▶ **TO DO**
From the listing that follows, reproduce only the lines from the one holding "스티커를 제거하고 양쪽에" through the one holding "長崎県平戸市の地図を表示しま", both included, with no pictures.

▶ **INFORMATION**

>>>>>

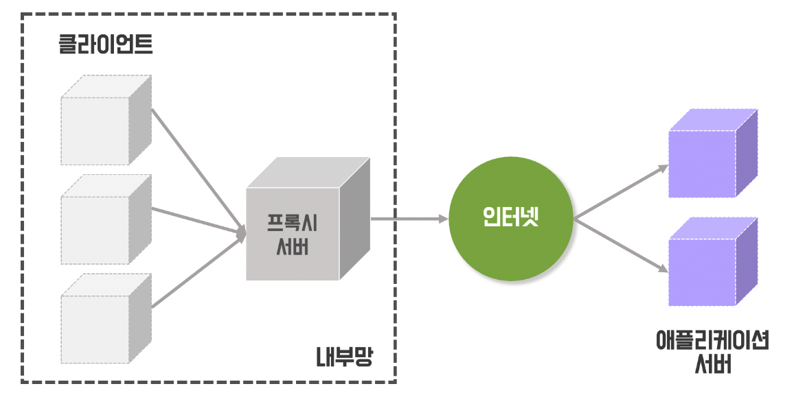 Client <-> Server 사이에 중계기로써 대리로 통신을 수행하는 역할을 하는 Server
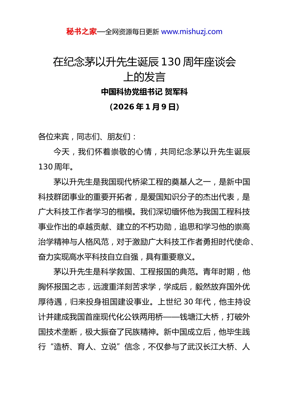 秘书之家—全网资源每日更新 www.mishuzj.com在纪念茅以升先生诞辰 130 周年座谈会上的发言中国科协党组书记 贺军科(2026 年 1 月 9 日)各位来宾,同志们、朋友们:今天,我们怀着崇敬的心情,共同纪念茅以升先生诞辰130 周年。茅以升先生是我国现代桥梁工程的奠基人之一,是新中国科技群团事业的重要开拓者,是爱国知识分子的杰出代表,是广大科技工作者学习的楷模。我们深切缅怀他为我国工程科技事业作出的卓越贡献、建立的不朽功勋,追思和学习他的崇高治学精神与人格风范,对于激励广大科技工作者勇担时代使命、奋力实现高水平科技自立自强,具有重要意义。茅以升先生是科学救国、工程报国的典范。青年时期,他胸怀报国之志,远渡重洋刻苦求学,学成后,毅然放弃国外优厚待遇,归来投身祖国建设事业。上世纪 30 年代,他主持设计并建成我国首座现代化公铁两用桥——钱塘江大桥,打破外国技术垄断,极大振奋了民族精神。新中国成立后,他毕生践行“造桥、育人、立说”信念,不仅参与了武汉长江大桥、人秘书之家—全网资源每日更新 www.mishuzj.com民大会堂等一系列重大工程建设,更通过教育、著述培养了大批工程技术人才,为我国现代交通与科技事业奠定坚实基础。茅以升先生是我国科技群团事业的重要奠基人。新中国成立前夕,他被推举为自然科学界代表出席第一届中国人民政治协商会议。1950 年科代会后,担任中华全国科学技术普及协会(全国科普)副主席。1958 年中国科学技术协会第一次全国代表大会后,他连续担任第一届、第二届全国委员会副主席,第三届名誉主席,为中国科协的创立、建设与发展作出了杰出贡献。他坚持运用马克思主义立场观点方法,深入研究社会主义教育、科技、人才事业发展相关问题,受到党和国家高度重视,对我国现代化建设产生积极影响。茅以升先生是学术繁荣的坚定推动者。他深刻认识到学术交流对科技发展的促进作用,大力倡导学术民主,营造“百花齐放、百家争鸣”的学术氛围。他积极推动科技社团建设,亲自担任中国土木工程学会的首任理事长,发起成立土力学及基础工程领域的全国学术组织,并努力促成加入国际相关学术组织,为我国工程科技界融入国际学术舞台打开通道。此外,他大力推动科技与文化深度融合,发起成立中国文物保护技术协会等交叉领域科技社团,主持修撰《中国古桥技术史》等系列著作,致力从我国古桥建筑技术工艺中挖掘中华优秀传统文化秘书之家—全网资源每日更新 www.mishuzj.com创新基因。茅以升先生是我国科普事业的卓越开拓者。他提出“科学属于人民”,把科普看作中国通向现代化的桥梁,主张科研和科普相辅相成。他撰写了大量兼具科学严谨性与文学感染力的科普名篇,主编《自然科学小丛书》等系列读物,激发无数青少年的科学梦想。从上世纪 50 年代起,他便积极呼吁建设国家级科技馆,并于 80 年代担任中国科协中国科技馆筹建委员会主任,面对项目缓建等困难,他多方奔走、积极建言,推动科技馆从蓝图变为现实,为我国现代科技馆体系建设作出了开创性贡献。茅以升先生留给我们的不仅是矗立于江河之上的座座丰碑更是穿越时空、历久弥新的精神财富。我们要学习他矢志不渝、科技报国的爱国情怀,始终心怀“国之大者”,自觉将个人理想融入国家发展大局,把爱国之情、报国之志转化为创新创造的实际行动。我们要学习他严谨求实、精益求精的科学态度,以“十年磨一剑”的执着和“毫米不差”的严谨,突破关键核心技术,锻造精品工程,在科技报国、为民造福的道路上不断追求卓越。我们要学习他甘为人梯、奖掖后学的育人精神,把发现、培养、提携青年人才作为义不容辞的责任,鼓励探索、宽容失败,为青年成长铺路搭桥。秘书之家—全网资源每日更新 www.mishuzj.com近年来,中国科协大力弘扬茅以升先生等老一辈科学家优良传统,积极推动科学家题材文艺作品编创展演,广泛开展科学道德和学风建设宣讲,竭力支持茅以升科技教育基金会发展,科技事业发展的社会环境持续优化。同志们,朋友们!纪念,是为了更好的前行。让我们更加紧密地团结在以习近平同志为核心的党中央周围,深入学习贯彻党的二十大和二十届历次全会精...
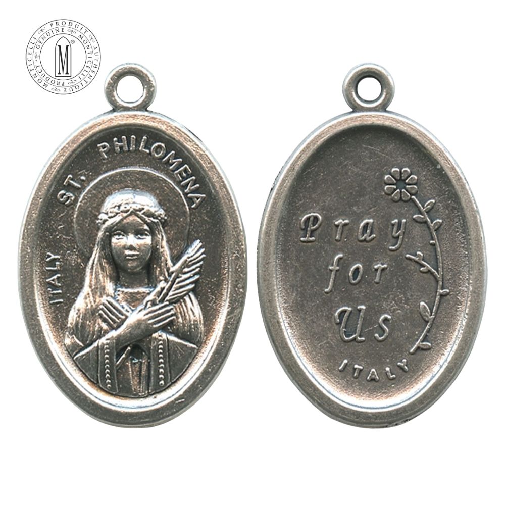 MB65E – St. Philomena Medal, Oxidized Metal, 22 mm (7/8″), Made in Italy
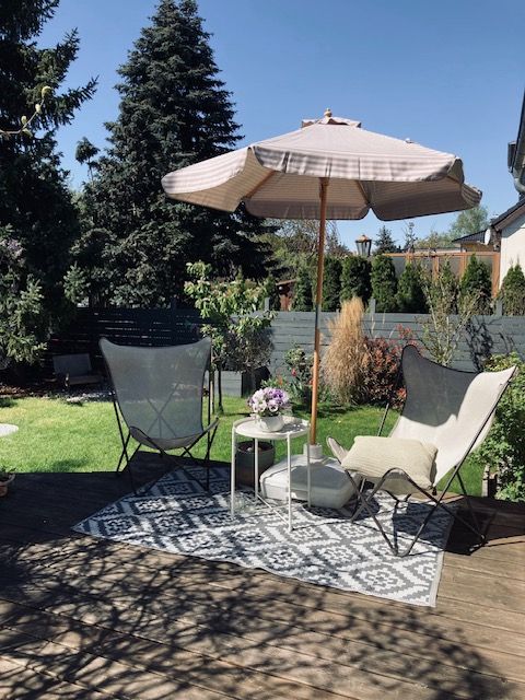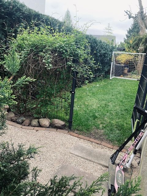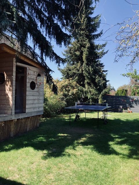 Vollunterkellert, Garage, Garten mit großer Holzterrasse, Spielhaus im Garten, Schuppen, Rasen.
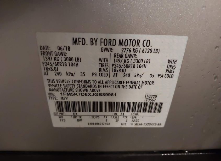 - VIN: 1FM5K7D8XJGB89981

<<<<<
>>>>>

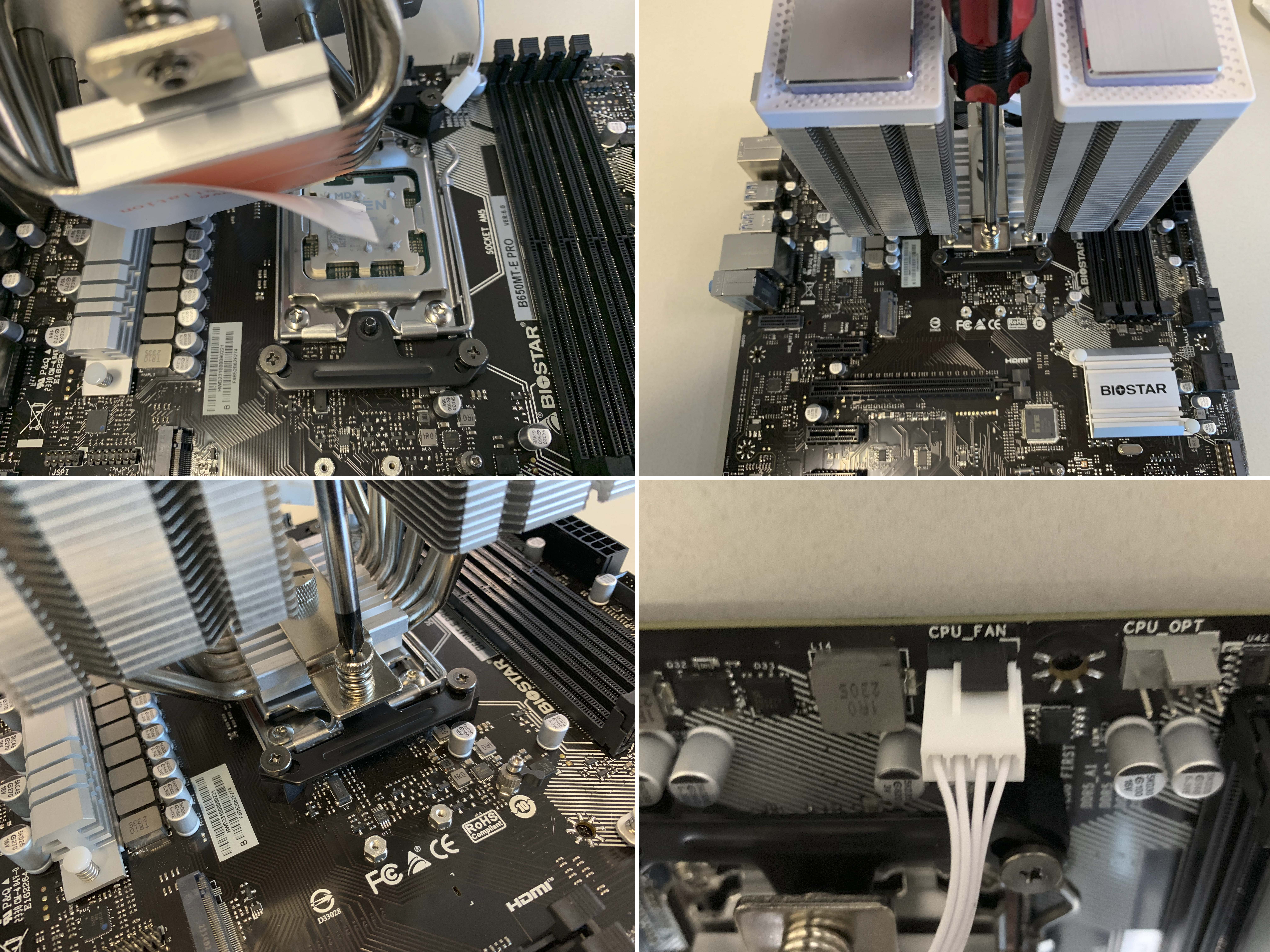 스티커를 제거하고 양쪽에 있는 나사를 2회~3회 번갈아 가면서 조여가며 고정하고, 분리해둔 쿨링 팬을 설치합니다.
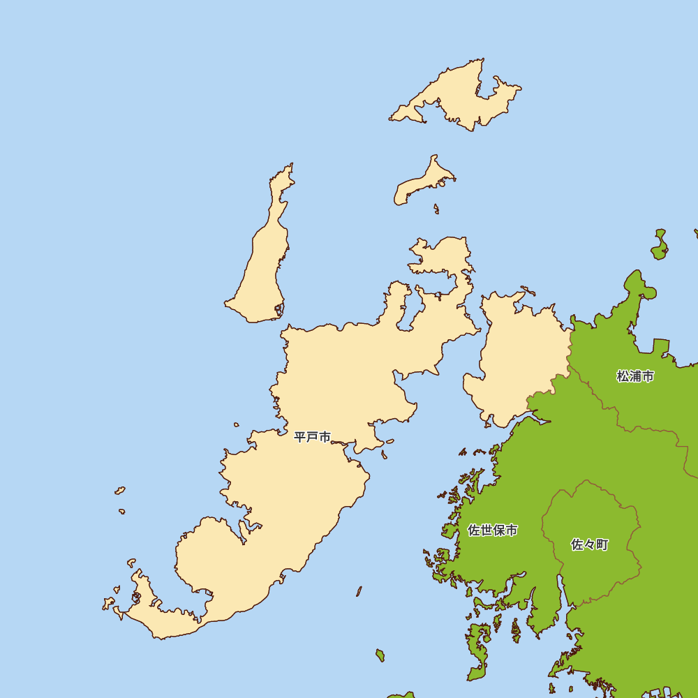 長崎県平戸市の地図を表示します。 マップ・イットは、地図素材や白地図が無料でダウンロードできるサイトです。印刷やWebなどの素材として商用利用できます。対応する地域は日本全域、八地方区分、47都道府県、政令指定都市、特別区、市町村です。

<<<<<

▶ **WORKED SOLUTION**
 스티커를 제거하고 양쪽에 있는 나사를 2회~3회 번갈아 가면서 조여가며 고정하고, 분리해둔 쿨링 팬을 설치합니다.
 長崎県平戸市の地図を表示します。 マップ・イットは、地図素材や白地図が無料でダウンロードできるサイトです。印刷やWebなどの素材として商用利用できます。対応する地域は日本全域、八地方区分、47都道府県、政令指定都市、特別区、市町村です。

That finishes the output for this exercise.